▶ **Work to complete**
Provide again, from the entries below, every line from the one containing "Ein geflochtenes Leder" through the one containing "Jedná se o šestý", exactly as written, and no other line.

▶ **Entries provided**
##############################

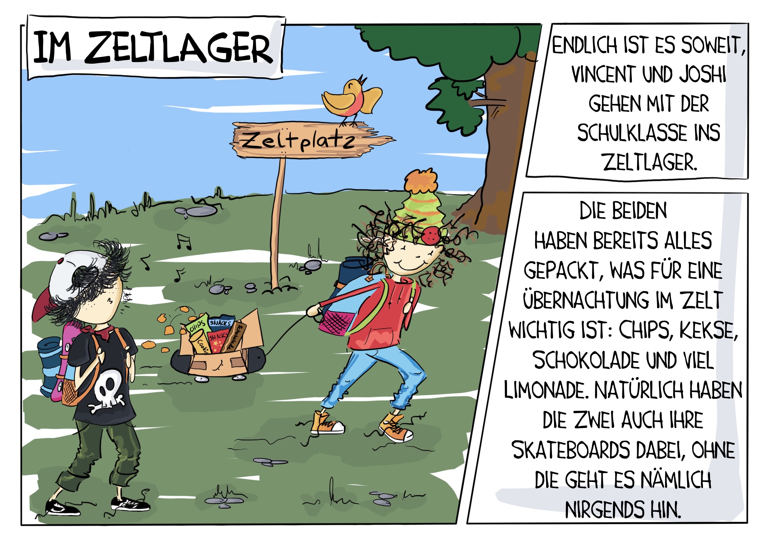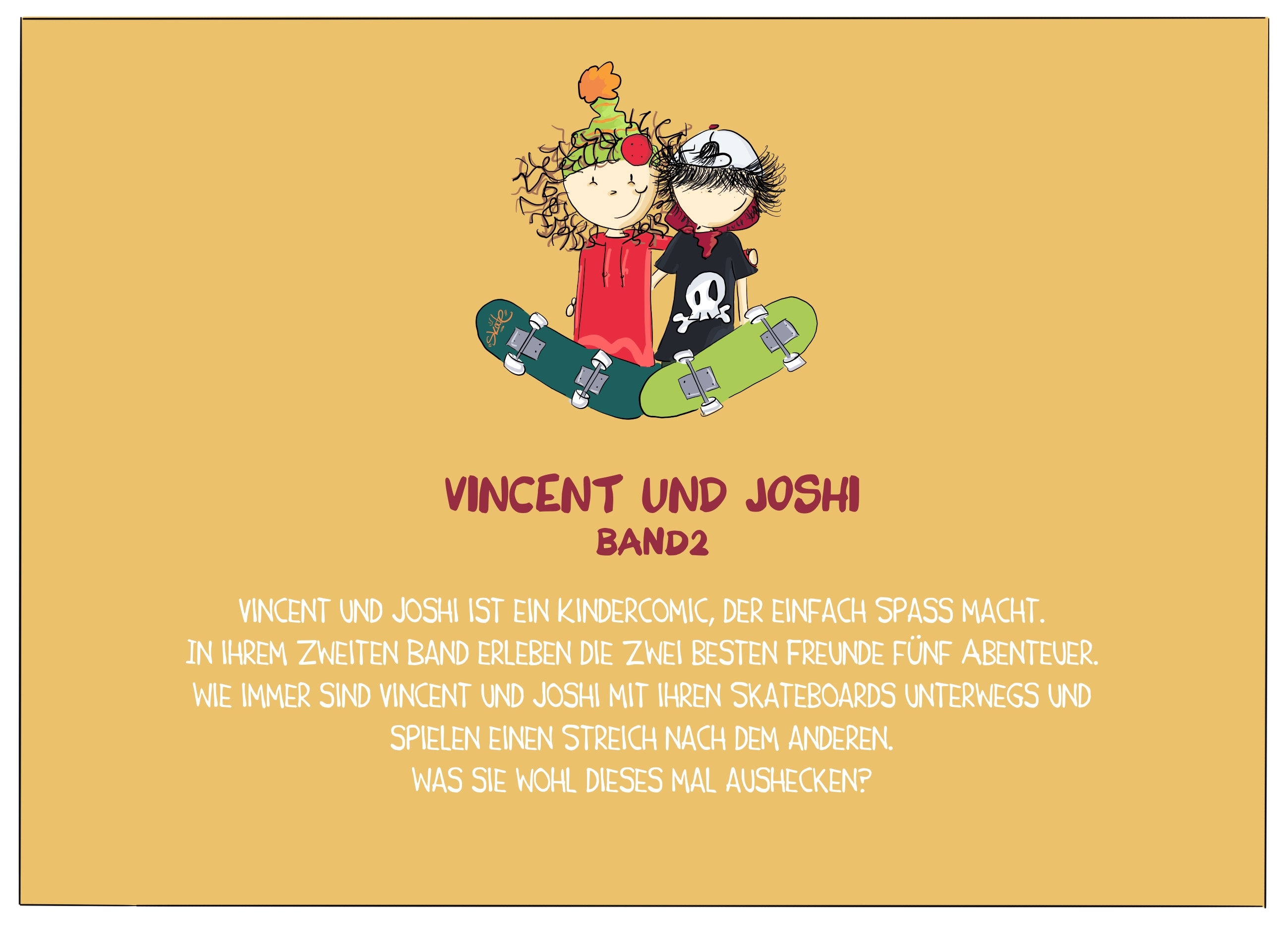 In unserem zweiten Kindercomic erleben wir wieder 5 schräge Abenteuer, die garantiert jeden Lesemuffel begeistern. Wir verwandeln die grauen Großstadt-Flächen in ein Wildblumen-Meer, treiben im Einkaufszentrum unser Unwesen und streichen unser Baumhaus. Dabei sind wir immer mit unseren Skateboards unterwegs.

##############################

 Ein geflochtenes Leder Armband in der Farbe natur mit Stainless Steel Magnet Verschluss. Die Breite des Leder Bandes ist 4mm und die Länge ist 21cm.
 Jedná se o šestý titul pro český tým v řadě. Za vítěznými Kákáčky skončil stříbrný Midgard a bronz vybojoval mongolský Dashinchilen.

##############################

▶ **Exercise response**
 Ein geflochtenes Leder Armband in der Farbe natur mit Stainless Steel Magnet Verschluss. Die Breite des Leder Bandes ist 4mm und die Länge ist 21cm.
 Jedná se o šestý titul pro český tým v řadě. Za vítěznými Kákáčky skončil stříbrný Midgard a bronz vybojoval mongolský Dashinchilen.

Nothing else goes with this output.